Ladybugs and Bug Bugs
Given the small team and limited budget, it’s not surprising that there are a few hiccups. I played Mail Time within a week of its Nintendo Switch release, and I encountered a few bugs. Nothing game-breaking, but one mushroom was entirely missing, and as you can tell by now, I really wanted to get Toph all the mushrooms.
Yet, these problems are small. After rolling credits, I joined the Mail Time Discord to report my missing mushroom. I found a dedicated fanbase. When the game originally launched for PC and Mac in April 2023, it was riddled with glitches that were patched in the following weeks. However, the Discord was filled with positivity. One user wrote in May, “Finished my playthrough! Lots of bugs but that just means I’ll have an excuse to play it again after the patches!”
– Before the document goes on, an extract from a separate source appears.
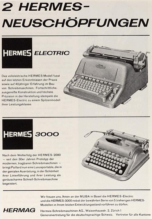 Werbeanzeige für Schreibmaschinen Hermes monochrom

I can forgive the shortcomings and the bugs because it’s clear just how much work was accomplished by such passionate people. The community seems to echo my sentiment.
Final Thoughts: Is Mail Time worth playing?
Mail Time is one of the sweetest and most comforting experiences I’ve had in a long time. I intentionally chose the word “experience” because it’s cozily consuming in the best way possible. If you’re looking to self-soothe with a video game, look no further. Mail Time is available on a variety of platforms but plays especially well on the Nintendo Switch (MRSP $19.99).
The community of Mail Time reflects the love of those who made it.
Despite its relatively short five-hour runtime, Mail Time doesn’t feel small. It’s a great example of quality over quantity. If you are remotely interested in cute forest animals and/or the mail, you’ll want to add Mail Time to your gaming route.
Mail Time, developed by Appelmoes Games and published by Freedom Games, was released on April 27, 2023, for PC and Mac, and on October 19, 2023, for Nintendo Switch, PlayStation 4, and PlayStation 5.
Disclaimer: The publisher provided this site with a review code.